May you rest long and well this weekend, enjoying the company of your favorite people, conversation with your littles, hugs and smooches to sustain you, renewal in time with the Creator, and contentment in your surroundings. If you're having tears, I hope they're brief and kissed away by your beloved, as kindness steals the sadness away.



barnyardmama said...

I went looking for how big Q is, but I couldn't find it. I have a "feeding chair" from Target. It cost 30 dollars and it says that it's good til age four. You can put it in a recline position and strap the kid in. I bought it specifically so Charlie doesn't have to worry about being upright and eating--one thing at a time, no?
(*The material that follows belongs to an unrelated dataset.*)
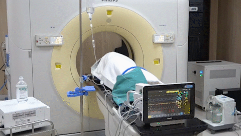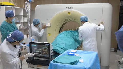 經(jīng)過放射治療中心陸軍主任的細致準備與精準定位,屈女士的射頻治療開始了?;颊卟扇∽髠?cè)臥位,麻醉醫(yī)生立即進行靜脈全麻。在CT引導下,醫(yī)生手中的“消融針”,按照既定路線“穿引”,快速、準確地插入右肺病灶部位,啟動射頻機器進行了精準的消融,右肺局部癌細胞一下子就被超高溫成功滅活了!經(jīng)CT掃查,無血氣胸;患者生命體征平穩(wěn)。2個小時后,屈女士就下地活動了。

Also, my MIL is a HUGE Ambrotose fan. She started by making a paste to put on his soft spot and then started putting it in the bottles. I've found absolutely no research to back it, but after we started putting it in the bottles he became regular and one of his hands just opened up. The physiatrist said, "I can't explain it." The guy who invented it sells it under another name (he left Mannatech), and it's much cheaper if you buy it through him. I'll have to find out what the name is for ya. . .

~ V ~ said...

Hugs all around...I wonder if the person you were ticked at for complaining about their kids was the same one at whom I was ticked. Let's assume it was, ok? I would hate to think there are multiple people in the world that think that kids should be able to bounce back like nothing happened after having to wade through stuff that even adults shouldn't have to deal with. "Yes, they've dealt with A, B, C, D, AND E in their short lifetimes, but I've dealt with those issues just fine and my life is perfect now, so why can't they just straighten up and be perfect kids???" Ok, I'm paraphrasing...

C said...

Dear V,

Yes, m'dear, I'm sure it was the very same person. Your paraphrase is kinder than it could be. I'd like a little bleach or something to wipe it out my brain now, thanks.

Just one more thing--how on *earth* does this person get A so thoroughly and miss B-Z??? As a parent I'm just, just... speechless.

ROWR. There. That'll do it.

XO to the troops.

barnyardmama said...

Manapol is the name of generic Ambrotose, and in case you haven't noticed by now, I can't spell a lick, so please forgive any mistakes you see.